Машины у меня не было, так что нужно было думать, как добираться самому. В это самое время из комнаты вышла не совсем ещё проснувшаяся Хильда.
— Папка, ты чего бегаешь как угорелый? — спросила она, глядя, как я мечусь по комнате, на ходу накидывая на себя верхнюю одежду.
— Я срочно по делам. Сиди дома, никуда не ходи, — ответил я буквально в дверях. — Попрошу бабушку Аню, чтобы приготовила тебе позавтракать.
— А ты надолго?
— Ещё не знаю.
— Куда хоть идёшь? Мне нужно переживать?
— Об этом не думай. Если что — будь на телефоне, я перезвоню.
С этими словами я отправился к дороге, надеясь поймать попутку, так как автобус уже ушёл. Мне повезло. Арендатор как раз вез в райцентр зерно, и поэтому любезно согласился подкинуть в Покровское.
Отец Виктор звонил ещё пару раз. С его слов я понял — приехали какие-то агрессивно настроенные люди к храму и возникла потасовка.
Ещё издалека у ворот я увидел несколько машин. Одна из них, микроавтобус старого образца, выкрашенный в камуфляжный цвет с белыми цифрами на черном фоне номеров. Этот автомобиль нетрудно было узнать. Им, как правило, пользовались боевики Ганнуси Птицелов. На территории храма кучковалась небольшая группа боевиков с черно-красными повязками. Туда-сюда метались незнакомые люди, большей частью пожилые, и довольно агрессивно настроенные женщины. Здесь же, неподалеку, скучали зеваки и знакомые местные пьяницы. Они курили, возбужденно переговаривались, размахивая руками, указывая на храм.
— Батюшка, что ж это делается? — невесть откуда возле меня, словно из-под земли, выросла одна из наших прихожанок, баба Ольга.
— А чего происходит? — спросил я. — Так ничего и не понял со слов отца Виктора.
— Что ж непонятного? — развела руками баба Ольга. — Нехристи приехали храм отбирать.
Как раз в это время из храма вышел председатель Бепсуль в сопровождении небольшой толпы возбужденных людей и незнакомцев в священнической одежде. Бепсуль остановился здесь же, во дворе, и, размахивая листами бумаги, принялся что-то рассказывать окружившей его толпе.
— И кто эти люди? — продолжал я спрашивать бабу Ольгу. Но стало ясно — та и сама мало чего понимает в происходящем.
Следом за Бепсулем из храма вышли и наши, во главе с отцом Виталием и отцом Виктором. Я узнал Алису, Николая, кое-кого из Анечкинских прихожан, а ещё Шоту со сжатыми кулаками и довольно воинственным видом, чернокожего парнишку, воспитанника Алисы — Ромку, матушку отца Виталия с целой оравой детей.

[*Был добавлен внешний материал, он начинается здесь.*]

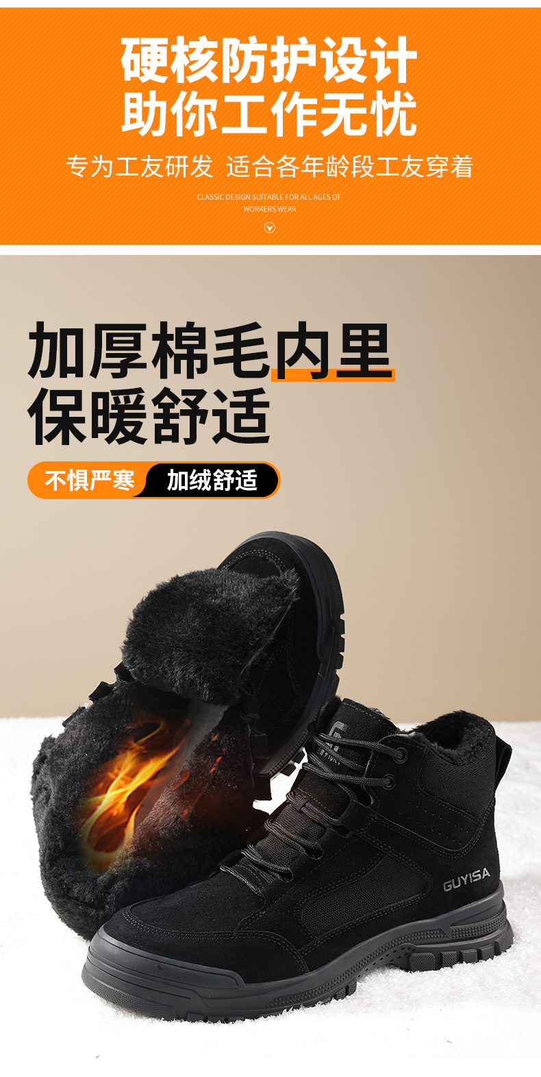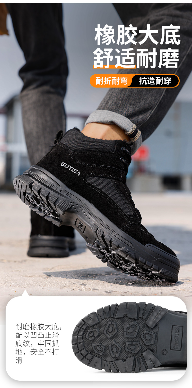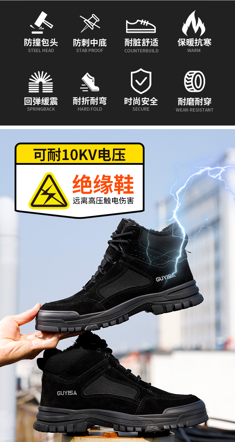 GUYISA 劳保鞋男防砸防刺穿绝缘10KV塑包头加绒保暖冬季款高帮安全鞋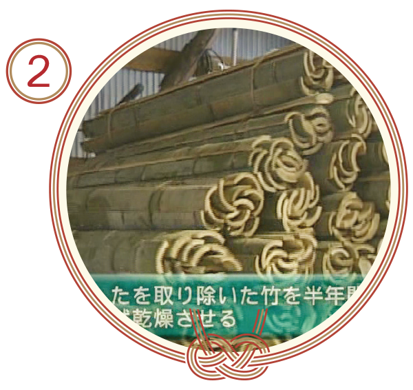 竹片經半年自然風乾,保存孟宗竹樹天然成效。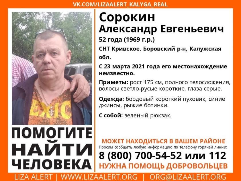В среду на странице калужского отделения поисково-спасательного отряда "Лиза Алерт" появилась информация о сборе добровольцев для поиска Александра Сорокина. Желающие принять участие в розыске соберутся в 17.30 у дома 47 по улице Березовая в садоводческом товариществе Кривское. Координаты: 55.141799, 36.521843.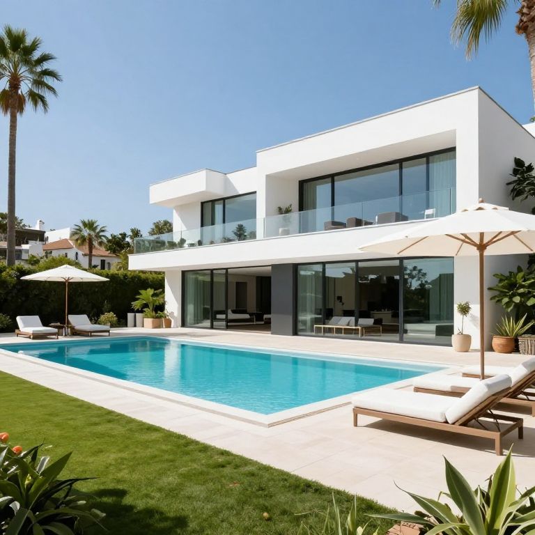 Modern luxury villa showcasing sleek white architecture with expansive glass walls, featuring a pristine rectangular pool surrounded by plush lounge chairs and a large patio umbrella, set against lush greenery and palm trees along the New Golden Mile between Marbella and Estepona.
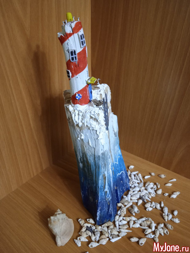 Так как верхняя основа не ровная, маяк приподняла с одной стороны, сделала подушку при помощи шпаклевки. Кору приклеила в качестве крыши на домик и покрыла лаком, так как она сухая. В надрез у ствола поместила несколько ракушек (приклеила их).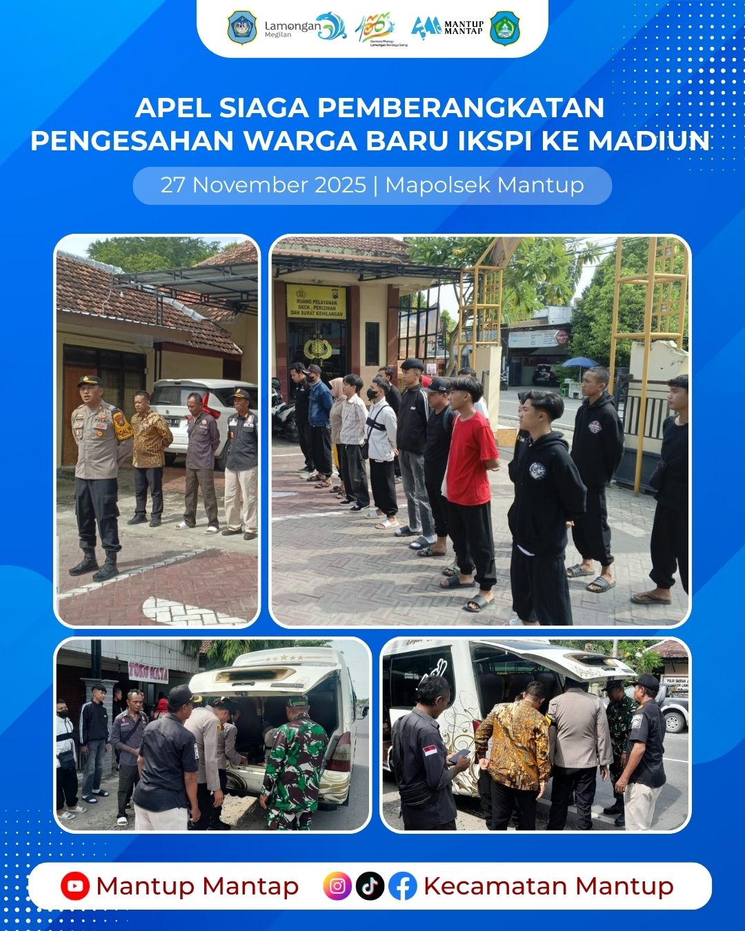 Polsek Mantup bersama unsur Forkopimcam melaksanakan Apel Siaga Pemberangkatan Pengesahan Warga Baru IKSPI bertempat di halaman Mapolsek Mantup pada (Kamis, 27/11/2025), sebelum rombongan diberangkatkan menuju lokasi pengesahan di Kabupaten Madiun.

Алиса подошла к Бепсулю и попыталась вступить с ним в какой-то спор.
— Вы понимаете, господин председатель, — повышенным тоном обратилась к нему женщина, — все ваши действия являются незаконными и противоречат Конституции нашей страны?!

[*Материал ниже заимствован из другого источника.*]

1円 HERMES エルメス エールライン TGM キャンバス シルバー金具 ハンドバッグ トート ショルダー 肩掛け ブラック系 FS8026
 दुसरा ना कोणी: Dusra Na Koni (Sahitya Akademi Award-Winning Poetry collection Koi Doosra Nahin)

Бепсуль с надменным видом рассмеялся ей в глаза, после чего ответил:
— Дорогая моя, при всем уважении, это уже даже не моё решение. Это волеизъявление жителей посёлка.
— Да какое волеизъявление?! — вмешался отец Виктор. — Люди, поставившие подписи в ваших, с позволения сказать документах, не имеют вообще никакого отношения к Михайловскому храму!
— Но они же являются жителями села? — не менял тон Бепсуль.
— Вы хотите сказать, — говорил отец Виктор, — что Сергей Бабак, относящийся к общине баптистов, униат Карпухин, учитель Нелипа, который всегда заявлял о своих атеистических убеждениях, так желают стать прихожанами ПЦУ, что готовы отобрать храм, построенный на личные средства наших прихожан?
— Ой, прекратите эту демагогию, батюшка, — скривился Бепсуль. — Вы же прекрасно понимаете- есть решение Верховной Рады, предписывающий тот факт, что если община села проявила волеизъявление перейти под омофор турецкого патриарха Варфоломея, то администрация обязана всячески поспособствовать этому.
— Но это же беспредел! — вмешался отец Виталий. — Разве вы не понимаете?!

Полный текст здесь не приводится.